= Saved entries =

[Start of section]

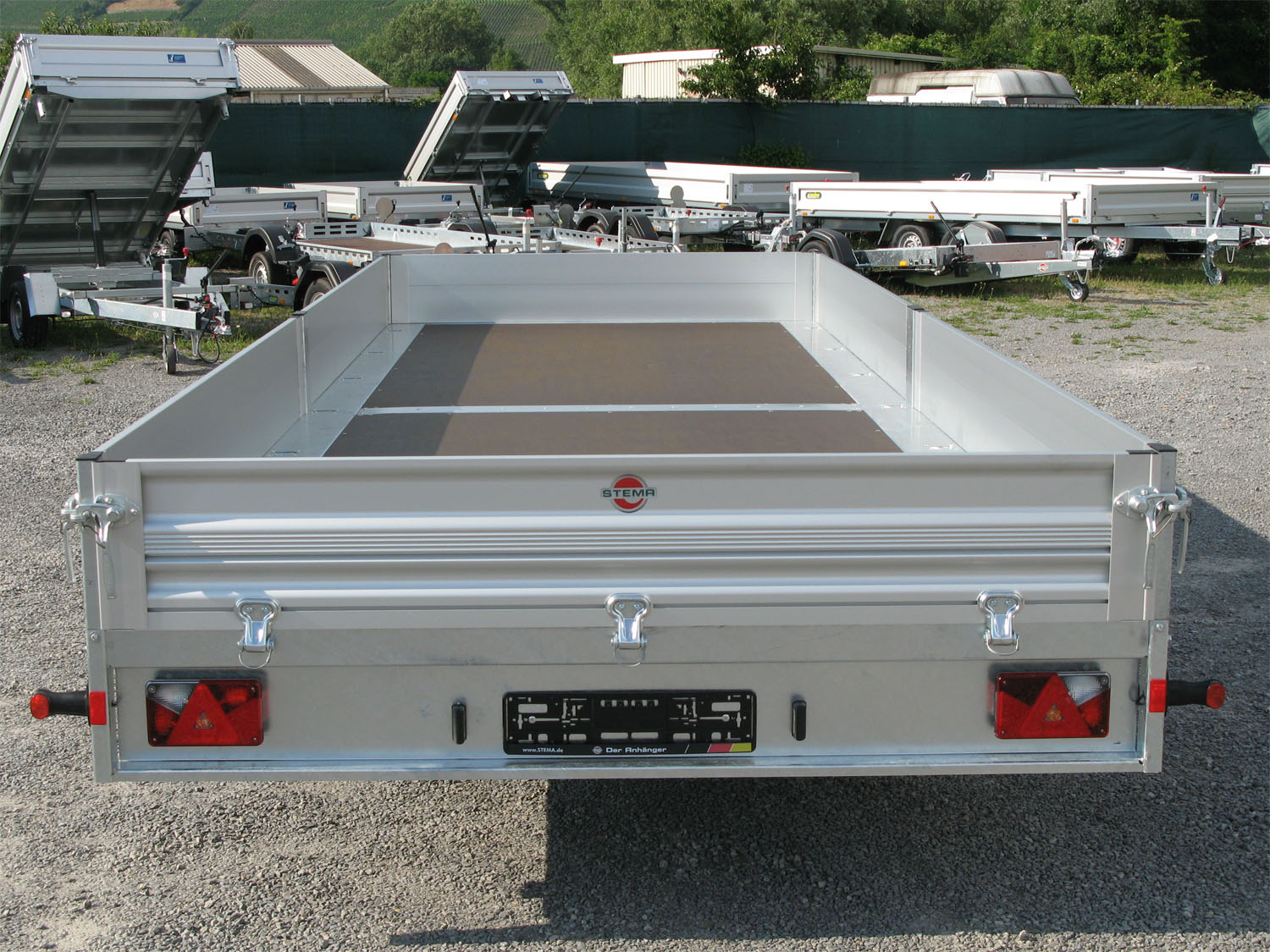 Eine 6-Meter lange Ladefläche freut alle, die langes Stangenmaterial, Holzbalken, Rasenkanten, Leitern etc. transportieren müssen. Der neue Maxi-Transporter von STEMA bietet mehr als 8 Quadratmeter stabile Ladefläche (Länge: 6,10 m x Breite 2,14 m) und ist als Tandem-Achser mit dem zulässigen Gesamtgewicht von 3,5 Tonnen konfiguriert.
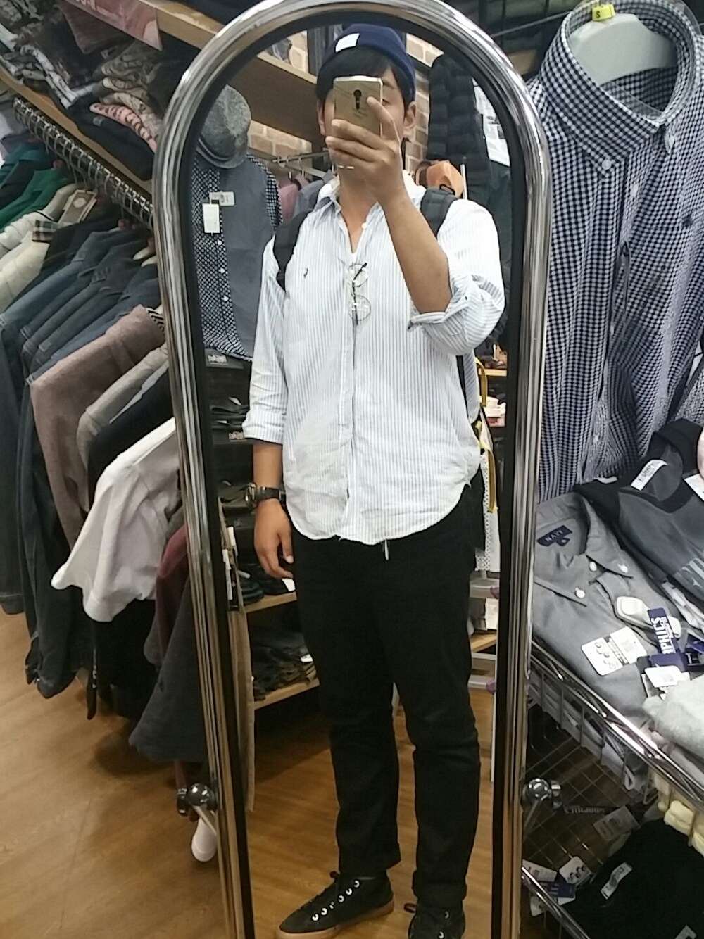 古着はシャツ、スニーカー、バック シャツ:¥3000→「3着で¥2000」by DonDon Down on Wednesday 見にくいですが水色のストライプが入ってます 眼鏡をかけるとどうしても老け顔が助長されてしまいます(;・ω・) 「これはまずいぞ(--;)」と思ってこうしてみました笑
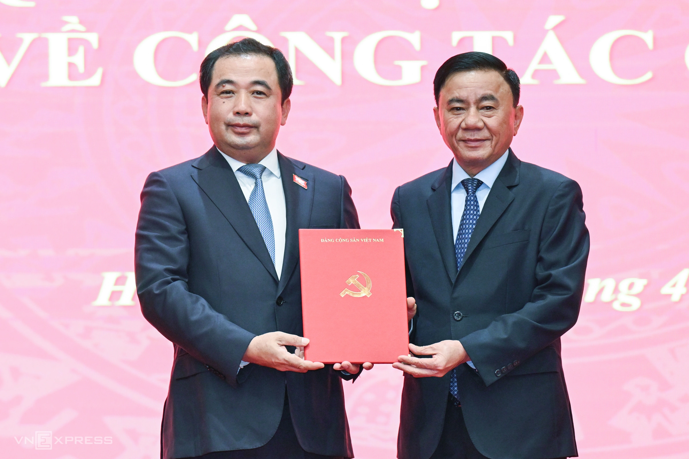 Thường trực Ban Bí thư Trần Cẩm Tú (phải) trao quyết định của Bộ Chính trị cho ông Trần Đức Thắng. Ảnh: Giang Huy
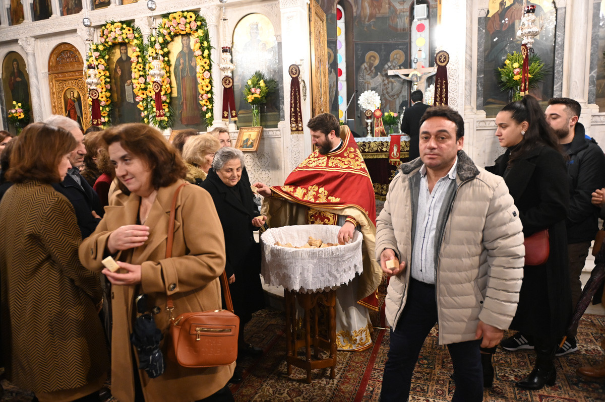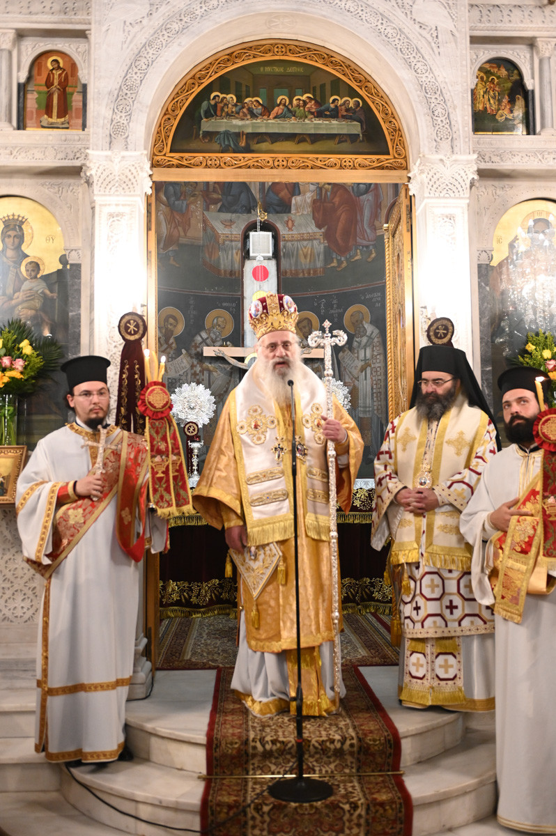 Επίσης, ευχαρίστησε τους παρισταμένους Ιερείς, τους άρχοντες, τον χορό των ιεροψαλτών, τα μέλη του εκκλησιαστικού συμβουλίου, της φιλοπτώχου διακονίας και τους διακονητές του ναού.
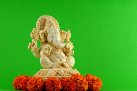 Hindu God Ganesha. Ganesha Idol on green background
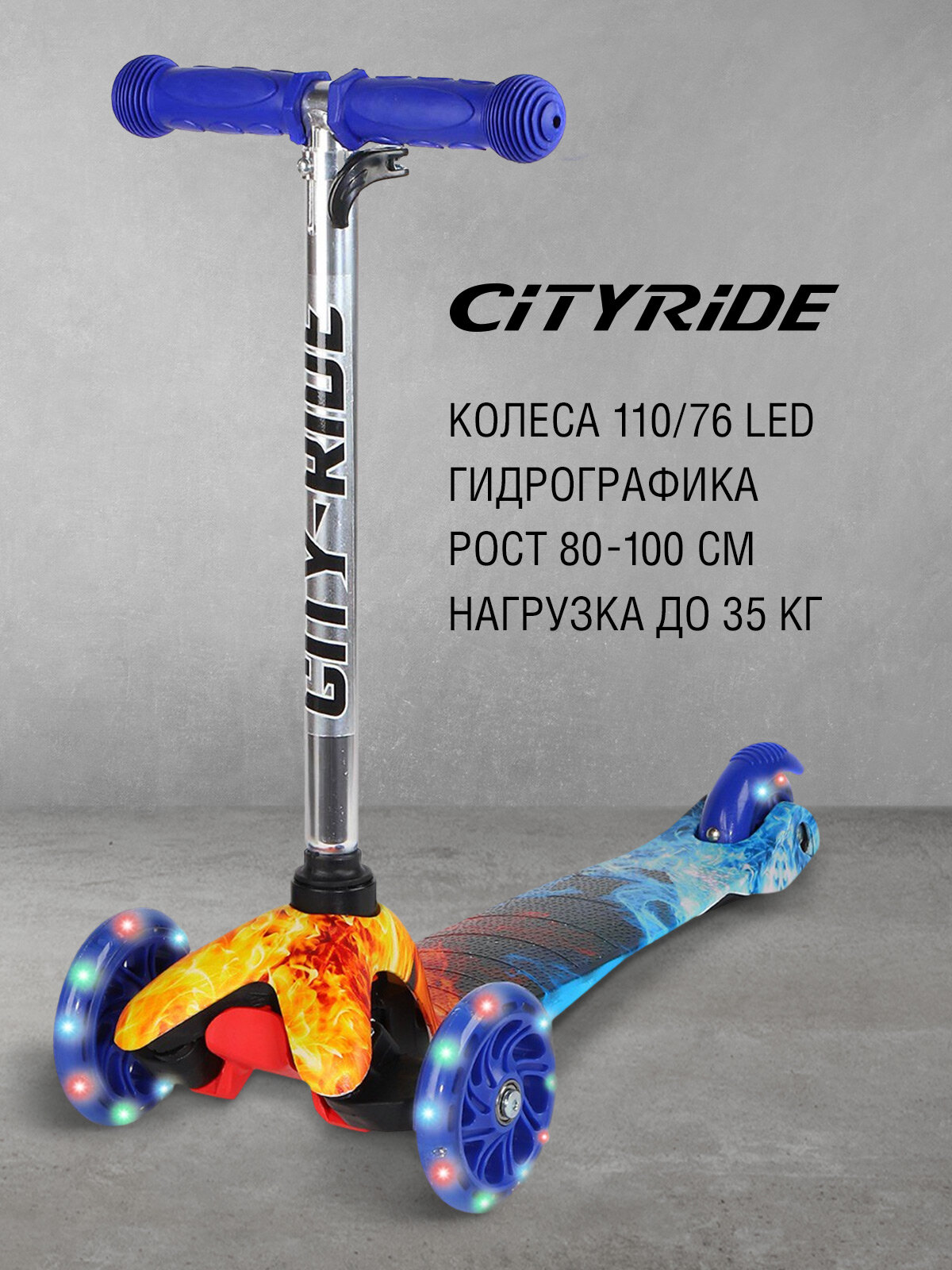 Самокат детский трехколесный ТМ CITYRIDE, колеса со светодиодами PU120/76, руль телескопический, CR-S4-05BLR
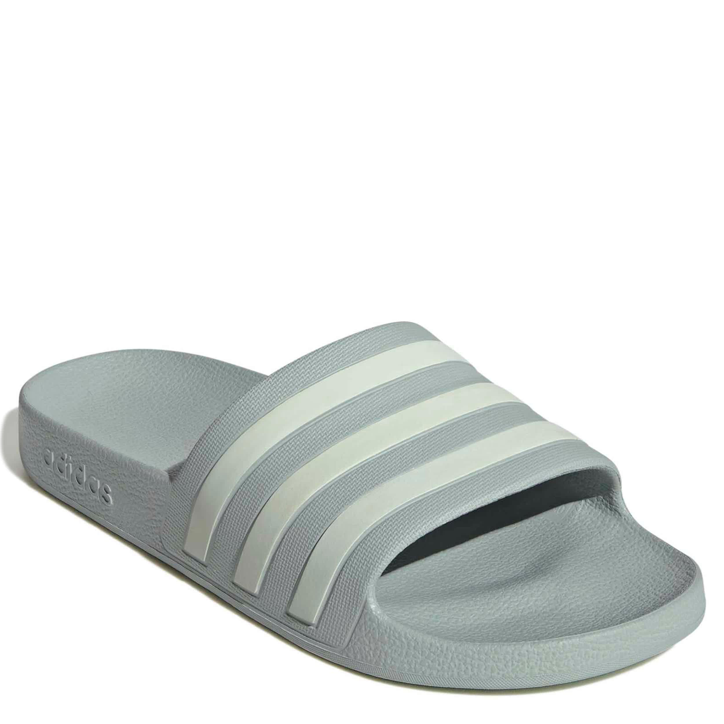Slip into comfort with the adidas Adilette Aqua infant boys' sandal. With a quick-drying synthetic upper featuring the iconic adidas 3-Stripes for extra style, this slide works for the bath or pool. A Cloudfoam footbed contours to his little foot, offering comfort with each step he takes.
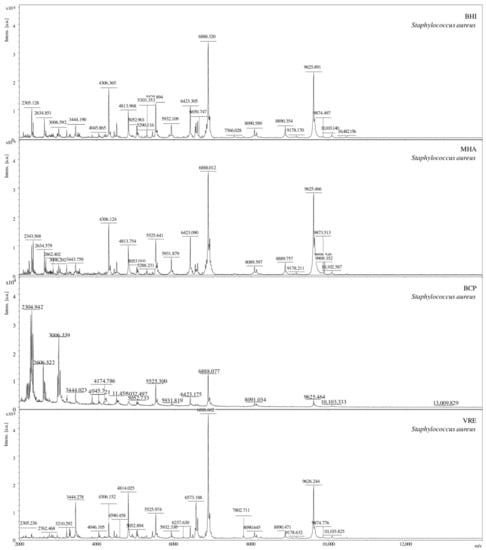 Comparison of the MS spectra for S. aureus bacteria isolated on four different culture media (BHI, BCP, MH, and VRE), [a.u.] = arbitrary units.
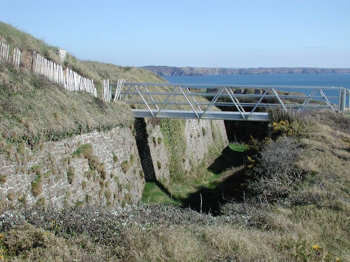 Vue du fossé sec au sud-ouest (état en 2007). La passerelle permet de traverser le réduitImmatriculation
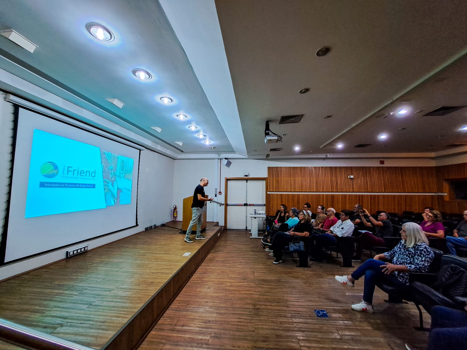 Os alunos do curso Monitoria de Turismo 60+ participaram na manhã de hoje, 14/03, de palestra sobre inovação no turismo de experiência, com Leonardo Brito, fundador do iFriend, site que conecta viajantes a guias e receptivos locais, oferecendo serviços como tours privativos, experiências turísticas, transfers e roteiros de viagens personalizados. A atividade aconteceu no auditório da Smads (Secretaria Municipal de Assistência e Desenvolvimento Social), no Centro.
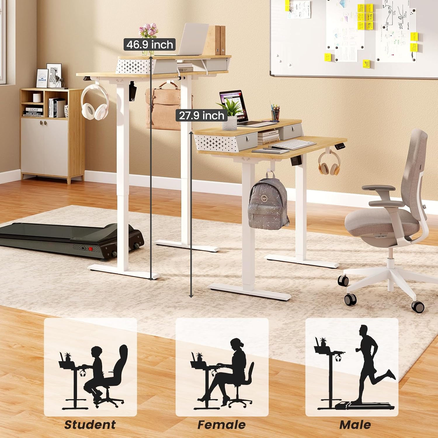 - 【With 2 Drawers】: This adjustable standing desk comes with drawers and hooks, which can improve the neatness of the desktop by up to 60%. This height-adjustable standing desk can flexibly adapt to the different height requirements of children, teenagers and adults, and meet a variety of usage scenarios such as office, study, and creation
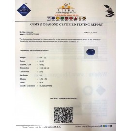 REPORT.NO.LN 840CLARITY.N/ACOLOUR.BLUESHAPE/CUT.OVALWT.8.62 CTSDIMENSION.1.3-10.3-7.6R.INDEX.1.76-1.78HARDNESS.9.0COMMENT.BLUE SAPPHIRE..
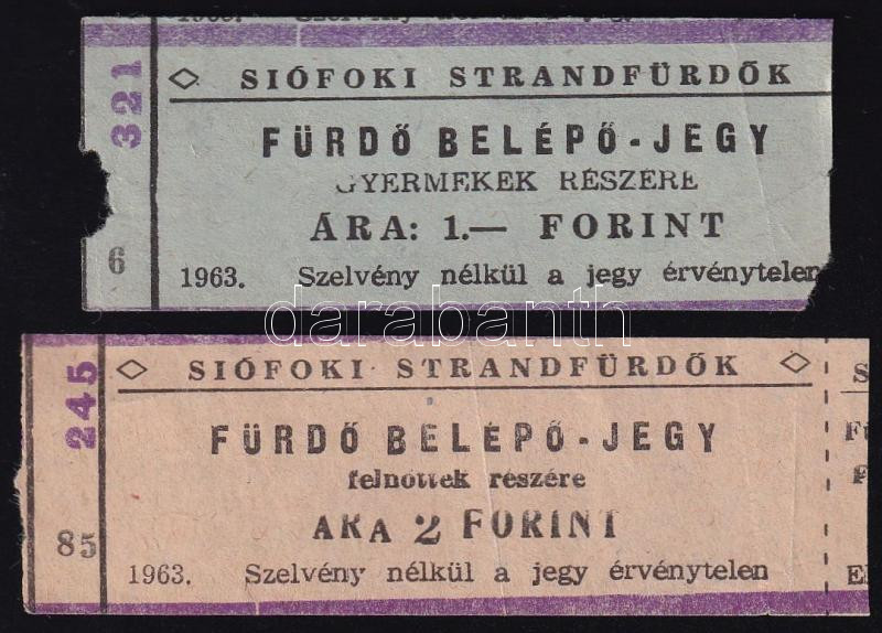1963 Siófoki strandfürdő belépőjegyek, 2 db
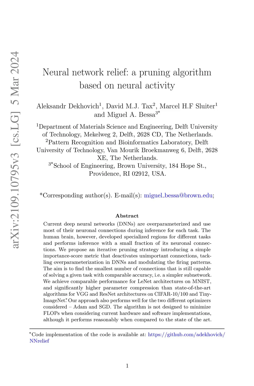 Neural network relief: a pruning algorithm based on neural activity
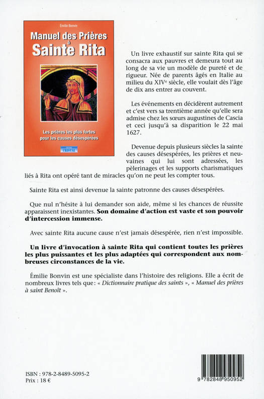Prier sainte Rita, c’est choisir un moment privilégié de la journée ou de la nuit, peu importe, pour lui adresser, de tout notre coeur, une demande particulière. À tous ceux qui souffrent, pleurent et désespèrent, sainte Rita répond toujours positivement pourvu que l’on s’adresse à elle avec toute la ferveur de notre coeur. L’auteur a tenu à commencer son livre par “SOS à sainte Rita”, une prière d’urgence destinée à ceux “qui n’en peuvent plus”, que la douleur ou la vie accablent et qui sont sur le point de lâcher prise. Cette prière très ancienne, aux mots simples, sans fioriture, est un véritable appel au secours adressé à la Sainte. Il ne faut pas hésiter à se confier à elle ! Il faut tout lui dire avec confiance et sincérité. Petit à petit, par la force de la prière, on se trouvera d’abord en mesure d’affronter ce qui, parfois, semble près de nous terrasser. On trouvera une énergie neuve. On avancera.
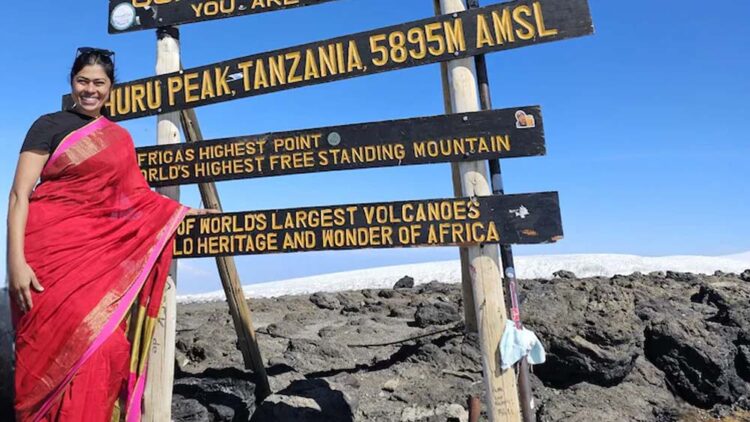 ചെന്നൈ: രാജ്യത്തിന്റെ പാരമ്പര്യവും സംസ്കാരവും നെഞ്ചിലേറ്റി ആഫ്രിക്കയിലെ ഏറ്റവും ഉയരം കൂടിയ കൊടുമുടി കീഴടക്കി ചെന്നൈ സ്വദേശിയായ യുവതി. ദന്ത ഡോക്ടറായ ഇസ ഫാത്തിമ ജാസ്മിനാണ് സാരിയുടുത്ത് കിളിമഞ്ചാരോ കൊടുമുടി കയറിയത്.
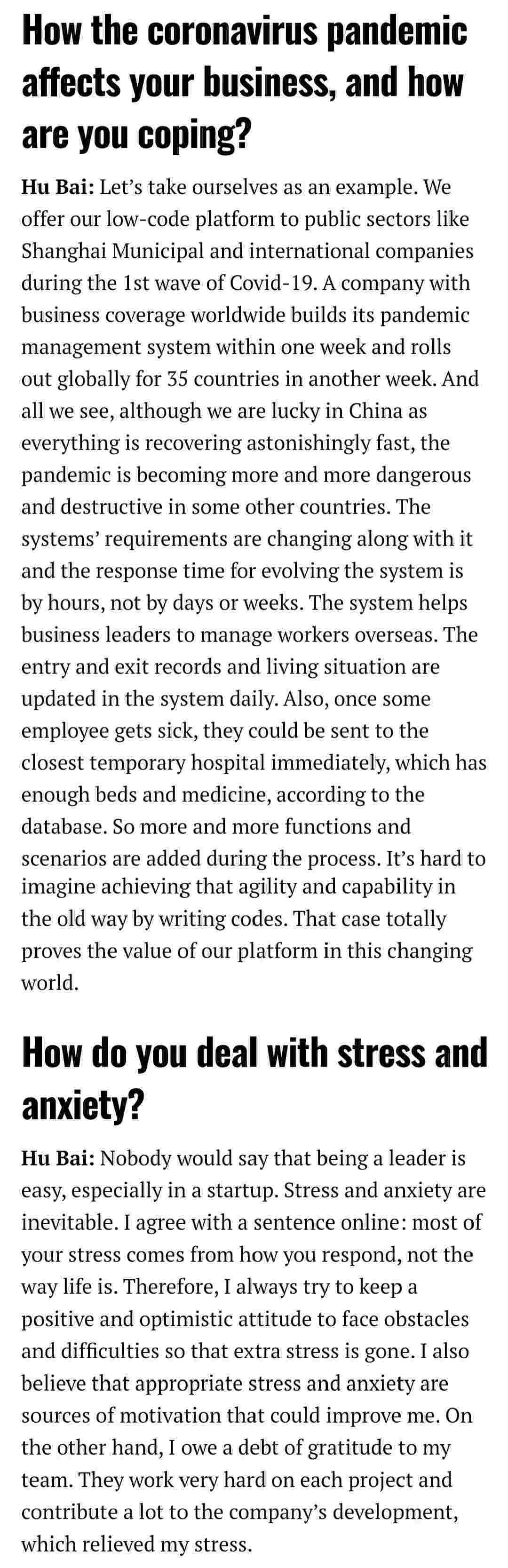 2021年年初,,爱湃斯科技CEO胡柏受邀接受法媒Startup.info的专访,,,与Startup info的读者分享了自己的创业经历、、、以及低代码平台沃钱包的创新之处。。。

[End of section]

= TASK GOAL =
Reproduce exactly and only the lines from the one with "1963 Siófoki strandfürdő belépőjegyek, 2 db" through the last entry, both included, excluding every picture.

= THE COMPLETED TASK =
1963 Siófoki strandfürdő belépőjegyek, 2 db
 Neural network relief: a pruning algorithm based on neural activity
Prier sainte Rita, c’est choisir un moment privilégié de la journée ou de la nuit, peu importe, pour lui adresser, de tout notre coeur, une demande particulière. À tous ceux qui souffrent, pleurent et désespèrent, sainte Rita répond toujours positivement pourvu que l’on s’adresse à elle avec toute la ferveur de notre coeur. L’auteur a tenu à commencer son livre par “SOS à sainte Rita”, une prière d’urgence destinée à ceux “qui n’en peuvent plus”, que la douleur ou la vie accablent et qui sont sur le point de lâcher prise. Cette prière très ancienne, aux mots simples, sans fioriture, est un véritable appel au secours adressé à la Sainte. Il ne faut pas hésiter à se confier à elle ! Il faut tout lui dire avec confiance et sincérité. Petit à petit, par la force de la prière, on se trouvera d’abord en mesure d’affronter ce qui, parfois, semble près de nous terrasser. On trouvera une énergie neuve. On avancera.
 ചെന്നൈ: രാജ്യത്തിന്റെ പാരമ്പര്യവും സംസ്കാരവും നെഞ്ചിലേറ്റി ആഫ്രിക്കയിലെ ഏറ്റവും ഉയരം കൂടിയ കൊടുമുടി കീഴടക്കി ചെന്നൈ സ്വദേശിയായ യുവതി. ദന്ത ഡോക്ടറായ ഇസ ഫാത്തിമ ജാസ്മിനാണ് സാരിയുടുത്ത് കിളിമഞ്ചാരോ കൊടുമുടി കയറിയത്.
 2021年年初,,爱湃斯科技CEO胡柏受邀接受法媒Startup.info的专访,,,与Startup info的读者分享了自己的创业经历、、、以及低代码平台沃钱包的创新之处。。。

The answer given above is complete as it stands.